Suggestion Number 7. Youth Industry Perspective: This faculty could collaborate with industry leaders to set a target for 85% of representative corporations in programs equivalent to Germany’s Dual Vocational Education Training (Dual VET) model. It may sound revolutionary, but industry leaders could play the most significant role in addressing the disenfranchisement of youths. Trades and technical (scientific) education fuels the base of expertise that industry needs to foster innovation and mass manufacturing, to sustain industrial growth and macro-level job creation.

Rapid technological changes are taking place in the world, concurrent with racial inequality, social and economic exclusion, wealth depletion, corporate downsizing, un-affordable housing, under-employment, wage imbalance, and climate change. The growth of industry also plays the most significant part of the economic viability and empowerment of peoples, communities, and nations. Hence, the principal solution to youth violence should be a more substantial effort to promote growth opportunities in the industrial sector – as the first imperative for wealth creation and employment opportunities.

Suggestion Number 8. The Money Perspective: Money is critical to achieving any agenda – building creatively or solving the problems of humanity (“deficit financed”).
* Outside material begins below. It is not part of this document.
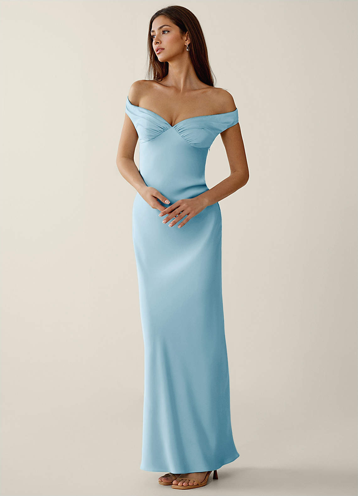 Gwendonme Sky Blue Satin Crystal Linen Prom Dress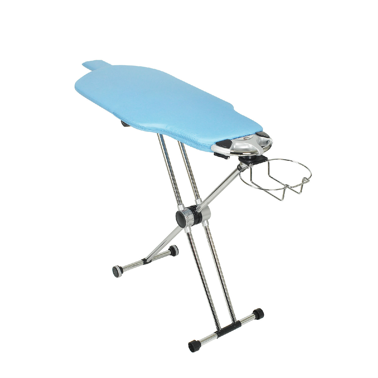 This innovative ironing system features both curved and flat sides, special pants clip, detail board for neck and sleeve, 360 pivoting iron caddy, (8) height adjustments levels and EZ lock mechanism for convenient folding and storage

Money is an enabler for higher educational opportunities, social acceptance, housing affordability, elderly and childcare, the realization of justice, and health and well-being. The lack of money can cause fear, anxiety, and desperation. It gives rise to aberrant behavior that increases criminal justice incarceration.

Constitutional and financial experts could collaborate with governments to establish the right to a standard living wage for all ten provinces. To entrench into federal law, Ontario’s excellent financial literacy education program. To establish a referendum by the citizenry to prohibit a newly elected government from canceling Capital Cost Initiatives (CCI) by the former government. To post indices using a Gross Social Progress (GSP) Index to provide measures to evaluate and narrow the “gap” between majority hiring versus the hiring of women, visible minorities, people with disabilities, and Indigenous peoples.

Presented herein Part 2 of 3: These are the first 8 of 15 suggestions penned briefly. The UMGP and BHM Score Card (Suggestion Number 1) would establish the interim targets and measurable outcomes for reporting on during each succeeding BHM (2020 – 2050).